#  > GELUID FORA >  > RECORDING & BROADCAST FORUM - FOTO'S >  >  Datacommunicatie via korte golf frequenties

## frederic

Heeft iemand ervaring met het verzenden van data via korte golf frequenties?

----------


## RonaldH

Ja hoor, vroeger deden we niet anders, het was bekend onder de naam van de uitvinder: Morse (0 was geen draaggolf, 1 was wel draaggolf).
Tegenwoordig gebruiken (gelicenseerde) zendamateurs tal van digitale data transmissie technieken.
Zie b.v. http://nl.wikipedia.org/wiki/Packet-radio ook geschikt voor 27MHz.

----------


## NesCio01

> Heeft iemand ervaring met het verzenden van data via korte golf frequenties?

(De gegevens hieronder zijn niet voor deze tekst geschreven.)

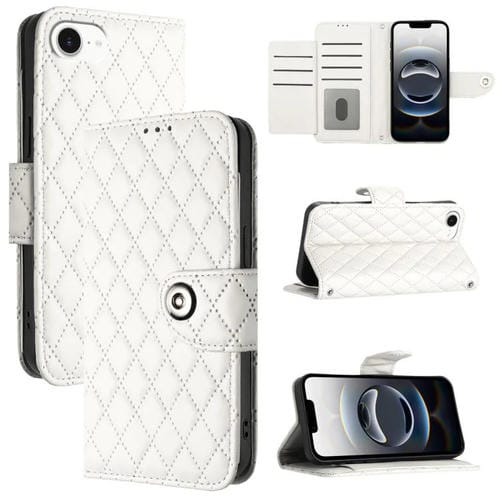 Funda de Cuero para iPhone 16E con Tapa Textura Rómbica y Cordón (Blanco)
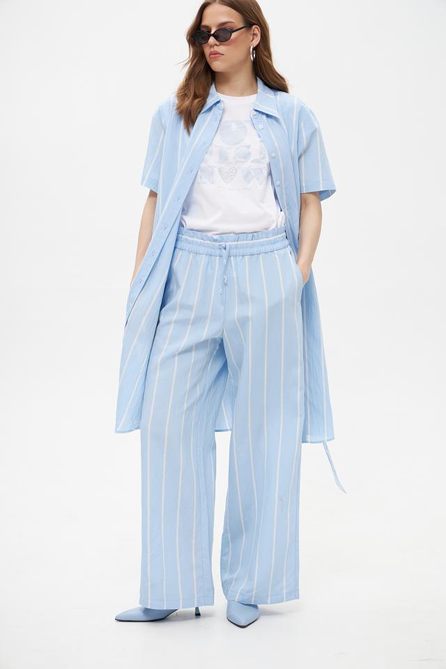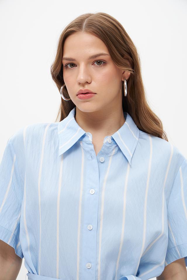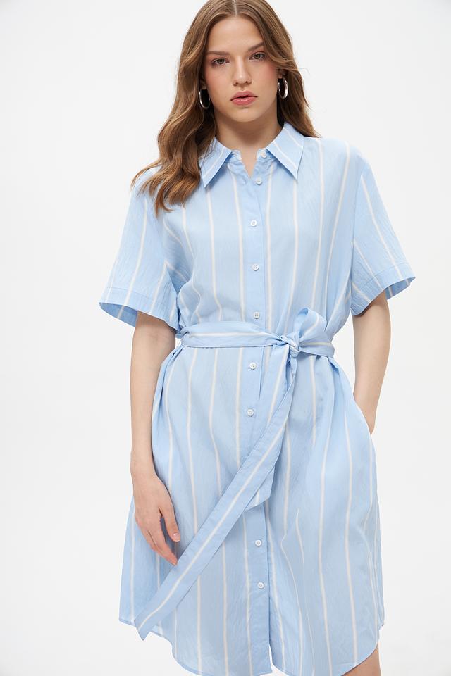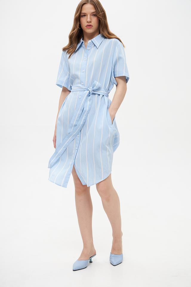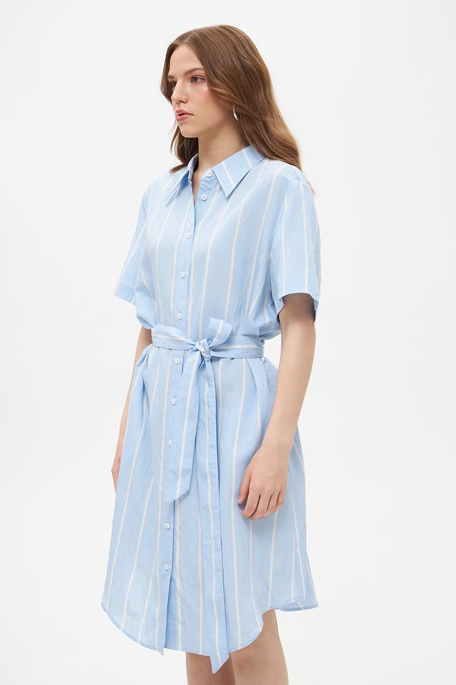 Модель выполнена в светло-голубом цвете с вертикальной полоской, что визуально вытягивает силуэт. Платье имеет прямой крой и длину до колена.

Het gebruik van de golf ligt maar net aan het bereik dat jij
wilt bewerkstelligen.
Wil je vanaf je stage only to FOH op, zeg ff 20 mtr,
of wil je naar tante Klaar in Australië?

Zie bijvb; http://nl.wikipedia.org/wiki/Korte_golf
voor wat de info jou waard is  :Wink: 

grtz

Nes

----------


## showband

hoe snel of traag is je digitale data? (hoeveel data moet je kwijt/sec?) Een cassette naar de commodore64 lukt al snel. 
even een paar on/off switches lukt dus wel zo. Maar als je audio of video wilt verzenden. liefst een beetje betrouwbaar...?

----------


## frederic

> Ja hoor, vroeger deden we niet anders, het was bekend onder de naam van de uitvinder: Morse (0 was geen draaggolf, 1 was wel draaggolf).
> Tegenwoordig gebruiken (gelicenseerde) zendamateurs tal van digitale data transmissie technieken.
> Zie b.v. http://nl.wikipedia.org/wiki/Packet-radio ook geschikt voor 27MHz.



Dat is idd wat ik zocht!

Het is niet echt de bedoeling dit officieel te gaan gebruiken, enkel willen we met een aantal vrienden hiermee experimenteren.

----------